Related Link Icon-IBRELATED: Investing in India’s Medical Devices Industry
GDP Growth Revised by Almost 50 Percent

India’s official GDP growth in the 2013-14 financial year has jumped from 4.7 percent to 6.9 percent after India’s main statistical body revised the formula it uses to measure economic output. The most significant change is a “base year” revision that shifts the reference year for measuring inflation adjusted growth from 2004-05 to 2011-12. This brings India more in line with global standards by measuring the economy at market prices and tracking consumer rather than wholesale inflation. Other changes include new data sources that add under-represented and informal sectors as well as smartphones and LED television sets to GDP. India growth for the 2012-13 financial year was also revised up from 4.7 percent to 5.1 percent

Some in the government have predicted that the change will help bring down the country’s fiscal deficit as a share of GDP. However, chief statistician T.C.A. Anant has said that the overall size of India’s economy hasn’t changed enough to shift the ratio significantly.

Online Pharmacies to see Stricter Regulations

Several state governments in India are investigating the illegal trade of prescription medication via online pharmacies with a view to tightening regulations.
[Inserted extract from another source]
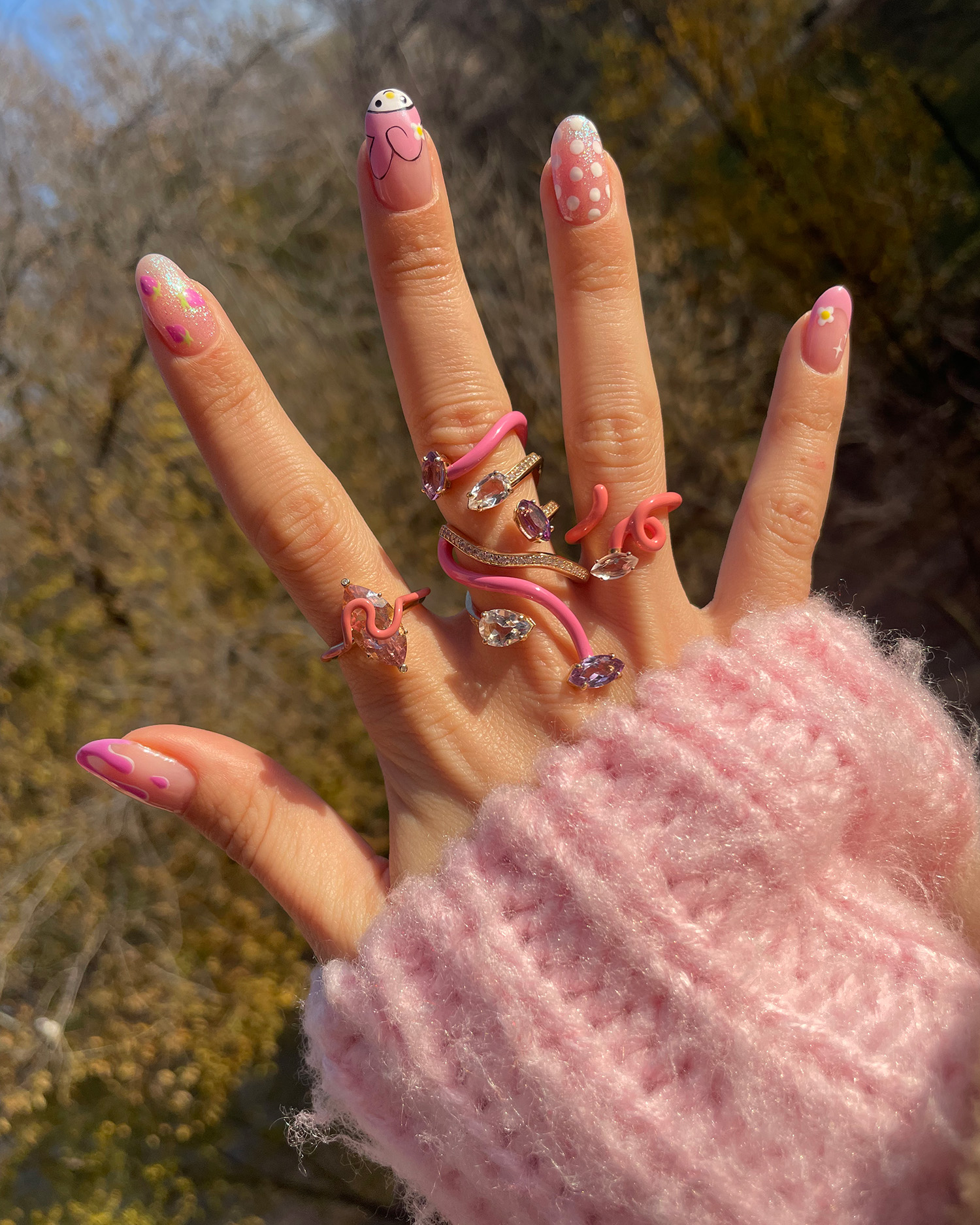 私が大切にしている感情は、“自由への解放”、“驚き”、そして“創造力”です。ジュエリーはただの装飾ではなく、カラフルで夢のような世界へと気持ちを連れていく存在であってほしいと思っています。だからこそ、一つひとつのデザインは、日常の喧騒からそっと離れ、幻想的な世界へと続く「小さなポータル」、いわば“身につける夢”のような存在を目指しています。その瞬間をまとうことで、ほんの少し別の世界を旅するような気分を感じていただけたら嬉しいです。

The existing regulations, in conjunction with the country’s rising e-commerce industry, have led to a dramatic increase in the number of online pharmacies. Consequently, dangerous prescription drugs are readily available in India, with more than 40,000 listings online.

The Maharashtra Food and Drug Administration (MFDA) have urged the central government to formulate policy regulating the operation of online pharmacies in India. Recent investigations by MFDA found more than 20 illegal online pharmacies operating in India. In addition, the MFDA has raided 27 online pharmacies located in Mumbai, Thane and Pune and seized drugs worth over US$300 thousand.

If properly regulated, the online pharmacy business could be of significant benefit to India. Any new regulations will likely entail new operating procedures for legitimate enterprises, and inspire similar legislation in other states.

Related Link Icon-IBRELATED: Is India’s E-Commerce Industry too Regulated for FDI
RBI to Implement New Consumer Protection Standards

The Reserve Bank of India (RBI) will soon set up a portal for consumers to file complaints. The portal is part of the RBI’s process of framing comprehensive consumer protection regulations based on global accepted best practices and recommendations from the Financial sector Legislative Reforms Commission (FSLRC). If implemented, the new regulations will require regulators to ensure consumer protection, according to RBI Executive Director NS Vishwanathan.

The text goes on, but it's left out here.